New reader A. Grande of New York, NY writes, “I’m a contract administrator for a mid-size IT re-seller.  The training classes I’ve been to say that my company should be reporting errors and delivery problems, but we don’t.  My senior vice president says it will all be ok and that I shouldn’t worry.  The pile of things we haven’t done, though, seems to be really adding up?  Can you suggest something?”  Great question, A.  It can be tough to see potential contract violations go unaddressed in a company.  At best, your company is making a bet with their own, or their investors’, money.  At worst, they’re potentially exposing both themselves and the company to significant fines if problems are uncovered.  It can be tough to be heard sometimes as a lower-level employee.  If your SVP won’t listen, try another route. Most contractors should have anonymous hotlines where potential problems are reported.  They’re usually set up so that people in legal or compliance get the information, not people in a specific business line.  This is definitely a best practice.  If your company doesn’t have one, though, try your contract manager or legal counsel’s office.  While there is a tendency to put off potential problems so long as business is coming in the front door, ignoring problems won’t make them go away.  They can and do get worse.  It’s good to be concerned.  Sing out to someone who will hear you.

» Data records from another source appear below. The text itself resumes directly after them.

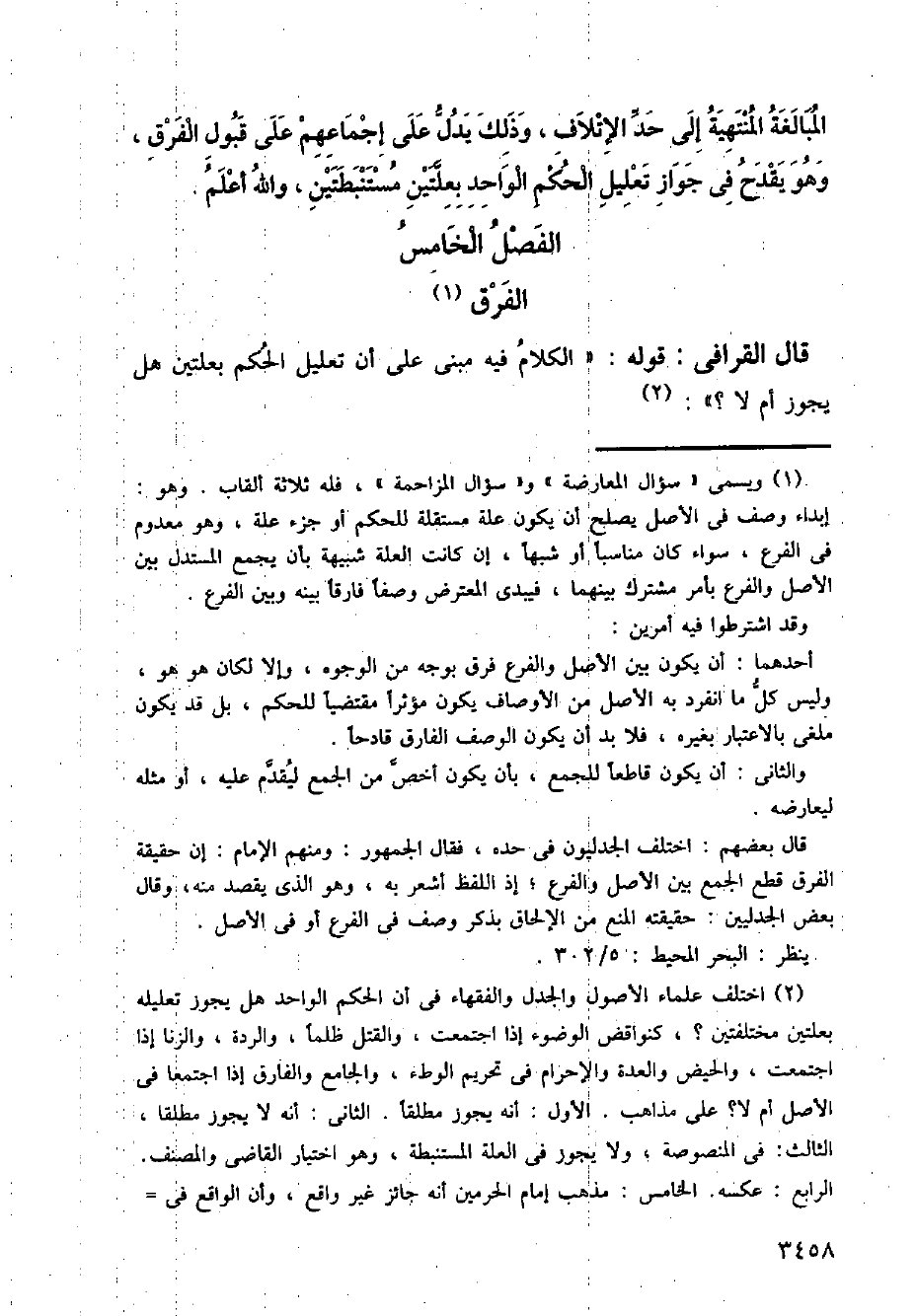قال القرافي: قوله: "الكلام فيه مبنى على أن تعليل الحكم بعلتين هل يجوز أم لا؟ ":
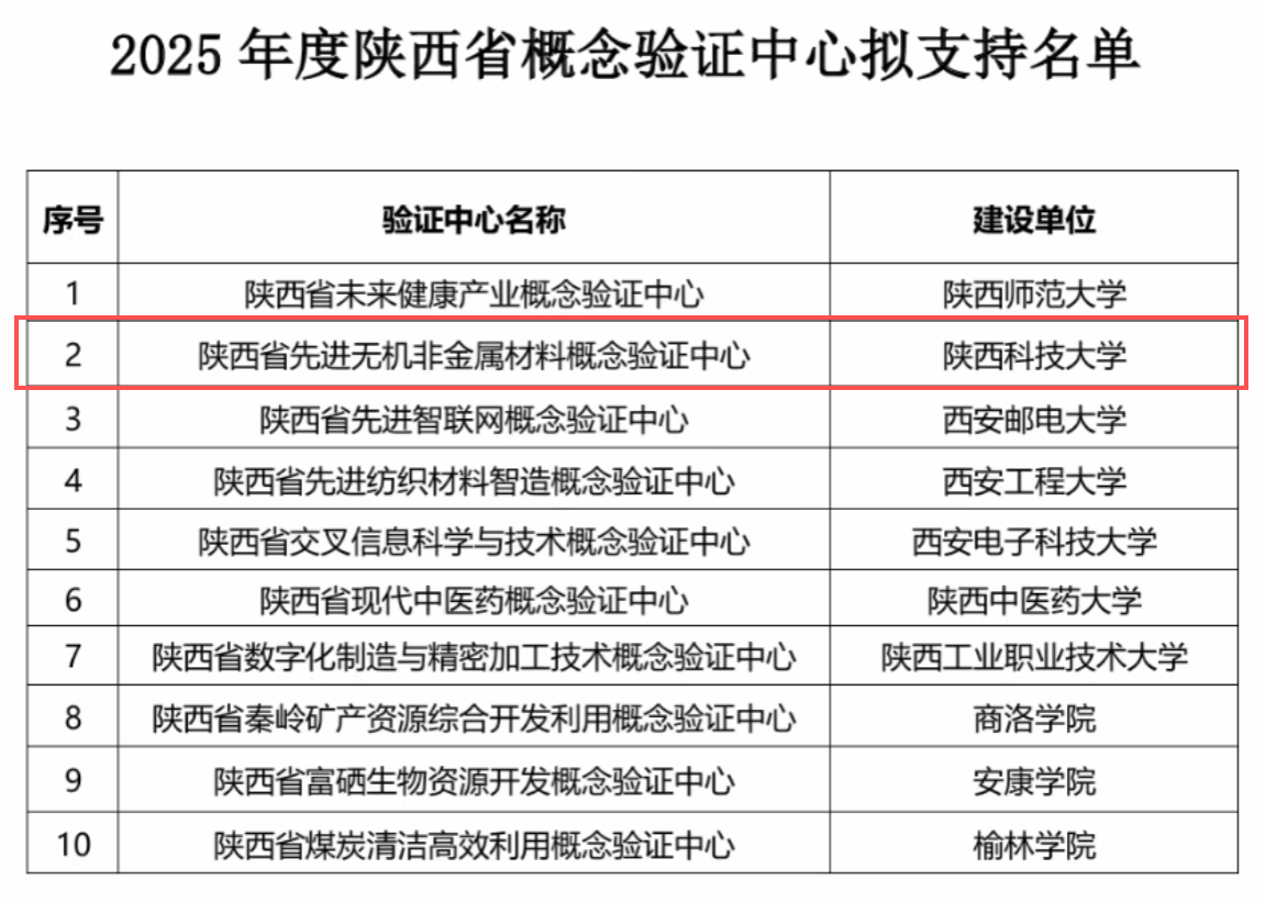 近日,陜西省科學(xué)技術(shù)廳公布了新一輪省級(jí)概念驗(yàn)證中心名單,陜西科技大學(xué)申報(bào)的“陜西省先進(jìn)無(wú)機(jī)非金屬材料概念驗(yàn)證中心”成功獲批。這標(biāo)志著我校在科技成果轉(zhuǎn)化和創(chuàng)新平臺(tái)建設(shè)方面邁出了重要一步,為服務(wù)區(qū)域科技創(chuàng)新與產(chǎn)業(yè)升級(jí)提供了新的支撐。
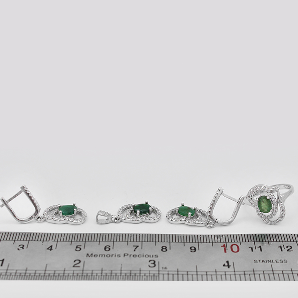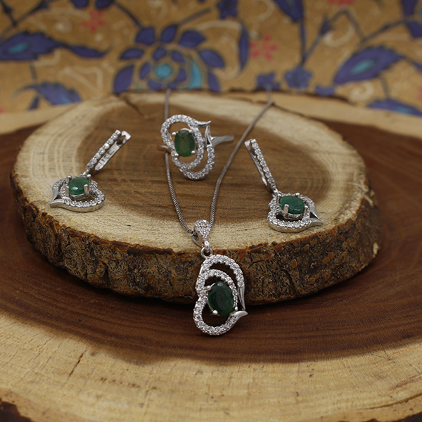 نیم ست زمرد زامبیا الماس تراش نقره زنانه طرح قلب
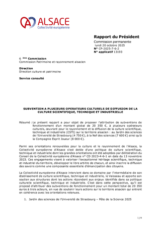 Le présent rapport a pour objet de proposer l'attribution de subventions de fonctionnement d'un montant global de 20 350 €, à plusieurs opérateurs culturels, œuvrant pour le rayonnement et la diffusion de la culture scientifique, technique et industrielle (CSTI) sur le territoire alsacien : au Jardin des sciences de l'Université de Strasbourg (4 750 €), à la Nef des sciences (7 600 €) ainsi qu'à la Compagnie Esprit Joueur (8 000 €).
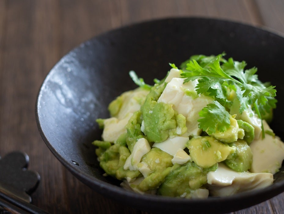 豆腐とアボカドを混ぜたくずし冷奴は、ごま油と塩で味付けします。
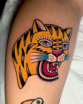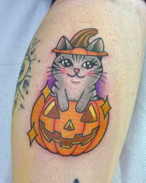 Jamie began her career pre-pandemic in 2019, and apprenticed around her usual 9-5 in a number of studios. She joined Silver Needles in mid 2025, where she creates bold, colourful, and traditional inspired tattoos.
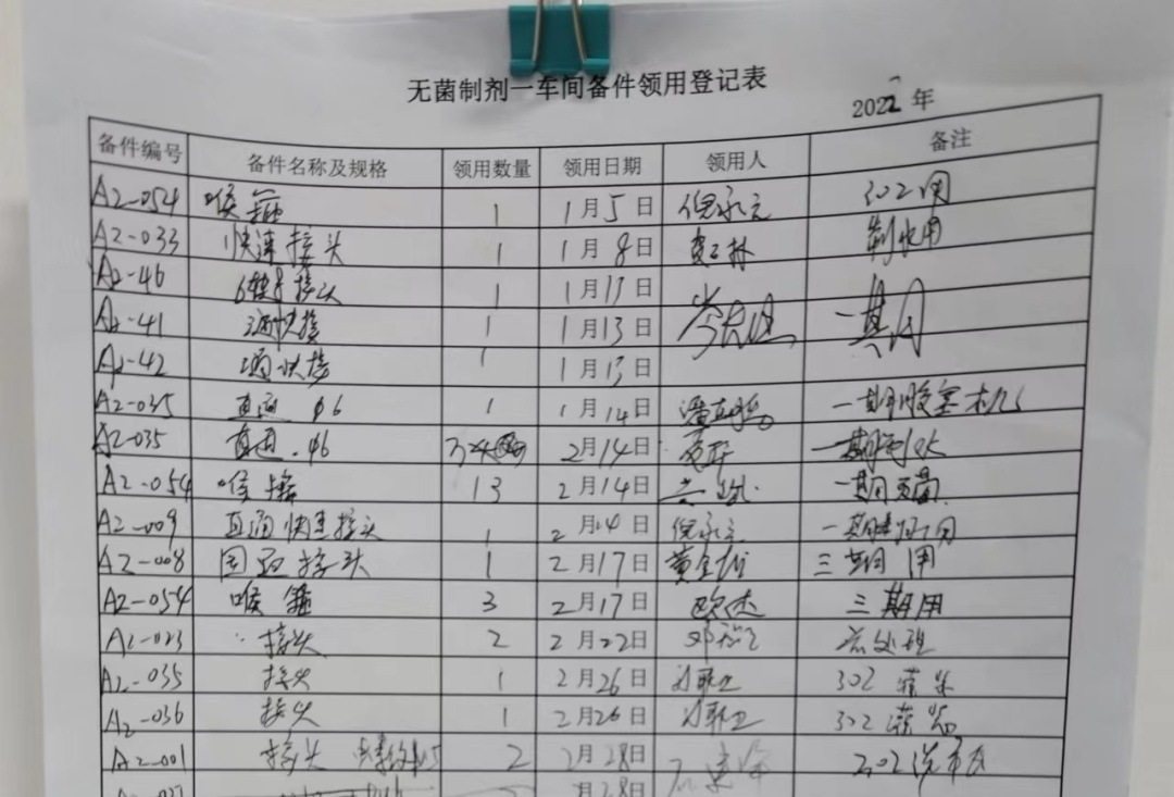 備件室7S管理已初步成形,但還有很大的提升空間。在現(xiàn)有改善成果的基礎(chǔ)上,團(tuán)隊(duì)成員致力于備件室管理規(guī)范化、信息化打造。原來備件物品的借用流程采用紙質(zhì)登記,該種方式存在記錄流程繁瑣、登記時(shí)間長(zhǎng)、信息不明確等問題。針對(duì)該問題,備件室對(duì)A貨架試行草料小程序登記出入庫(kù)流程,提升領(lǐng)取備件的速度。
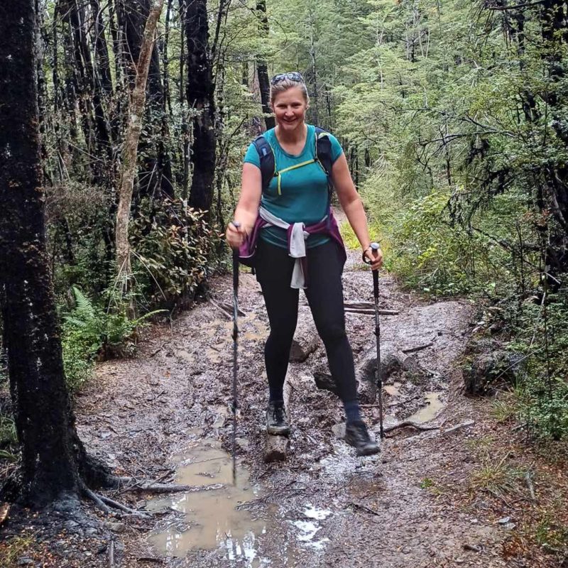 Jenna Reynolds gave her legs a rest on the Routeburn Track.
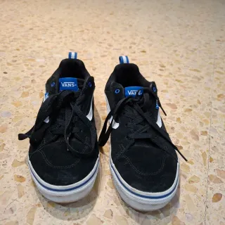 Zapatillas deportivas Vans en color negro con detalles en azul. - Cierre con cordones. - Suela de goma. - Logo de la marca en la lengüeta y lateral.
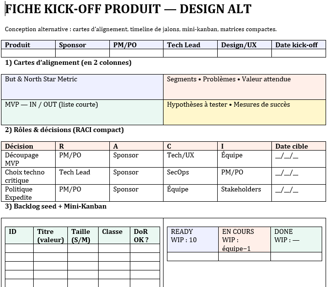 Télécharger deux modèles Word – Fiche Kick-off Produit (MVP, DoR/DoD, SLE, jalons)⬇️
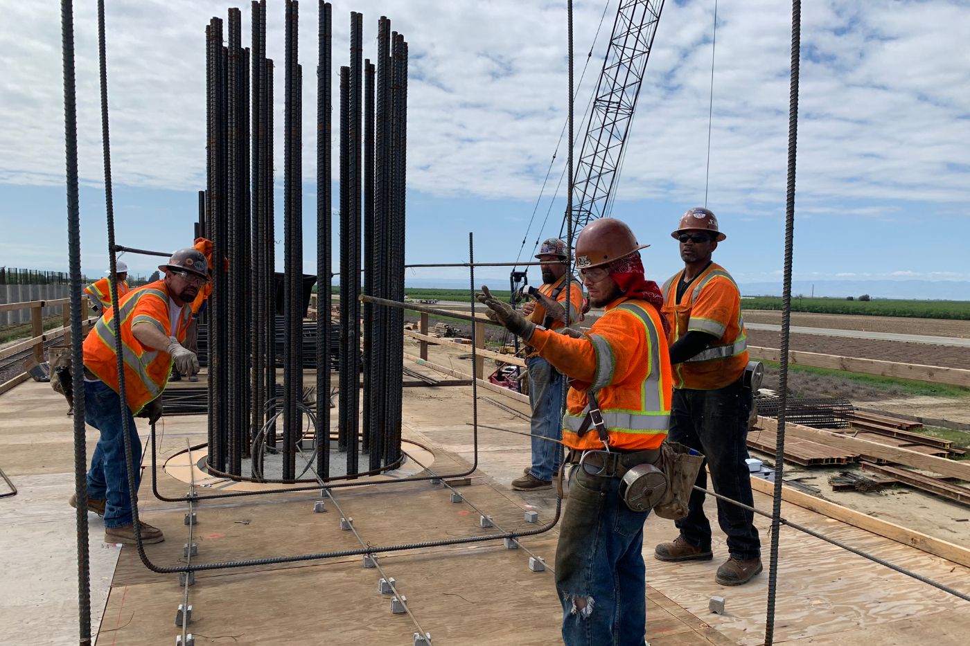 Ironworkers are hard at work at the Wasco Viaduct in Kern County. Crews are continuing to drill shafts where rebar will be placed to form columns for the pergola structure. On top of the deck, ironworkers with Pacific Steel Group are setting horizontal bars to link the stirrups of the girders for the west side of the pergola. When complete, the viaduct and pergola will be nearly 2,000-feet in length.

Student reader F. Liebowitz of E. Dickinson College writes, “My company’s GSA contract was recently modified to add new products, yet the document we received back from GSA said that our Basis of Award customer was “all customers”, not what we’d originally negotiated.  GSA knows what our Basis of Award is, right?  Should I got back and fix the mod.?”  Absolutely, F.  You must move immediately to clarify in writing to your CO that your Basis of Award is not “all customers” and cite what the original contract term is.  CO’s inadvertently change contract terms all the time in modifications, whether through inattention to detail, “modification by copier”, or some other error.  It cannot be said strongly enough:  Failure to change this key term back to the original, requires substantially greater compliance from your company and exposes it to substantial risk without a prompt, written, correction.  This is just one example of why it is a best practice to have two sets of eyes review all contracts and mods.  Contractors should not assume that a modification will leave all other terms in place.  Read the mod.  Read the contract.  Make sure that you are 100% sure of your company’s compliance responsibilities.  Otherwise, you could end up with an explosion – with or without a kiln.